0
votes

I have a CPU code:

 `if(number_of_pushed_particles<N&&number_of_alive_particles<K)
 {
   push_particle();
   number_of_pushed_particles++;
 }`

Here number_of_pushed_particles, number_of_alive_particles, K and N are int, K and N are const. The function push_particle() is:

 `push_particle()
 {
   particles[LIFE].id=++MAX_ELEMENT;
   particles[LIFE].rx=0.0;
   particles[LIFE].ry=0.0;
   particles[LIFE].rz=0.0;
   ...
   ++LIFE;
 }

`Particle is a structure of floats.The array Particle particles[0:GL], integer variables LIFE and MAX_ELEMENT are statically allocated on the device. That is why i do not want to use #pragma acc update host/device before/after calling the push_particle() function and lose time for copying data. How can i launch this sequential code on the GPU?

1

1 Answers

1
votes

The OpenACC 2.6 standard which was just ratified includes a "serial" region but it will be a bit before this support is added to the various compiler implementations.
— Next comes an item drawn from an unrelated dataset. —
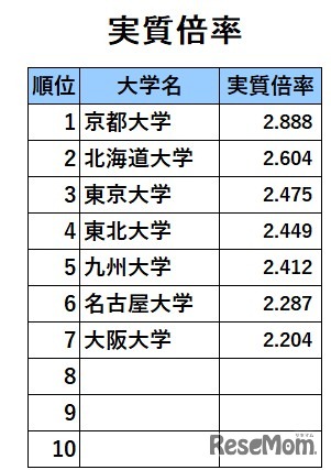 画像:代々木ゼミナール「2025年度入試結果」などを参考にリセマム編集部が作成 旧7帝大人気ランキング2025「実質倍率」

The current method is to use a "parallel" region and set "num_gangs(1)" and "vector_length(1)".

Something like:

push_particle()
 {
#pragma acc parallel num_gangs(1) vector_length(1) present(particles)
{
   particles[LIFE].id=++MAX_ELEMENT;
   particles[LIFE].rx=0.0;
   particles[LIFE].ry=0.0;
   particles[LIFE].rz=0.0;
   ...
   ++LIFE;
}

}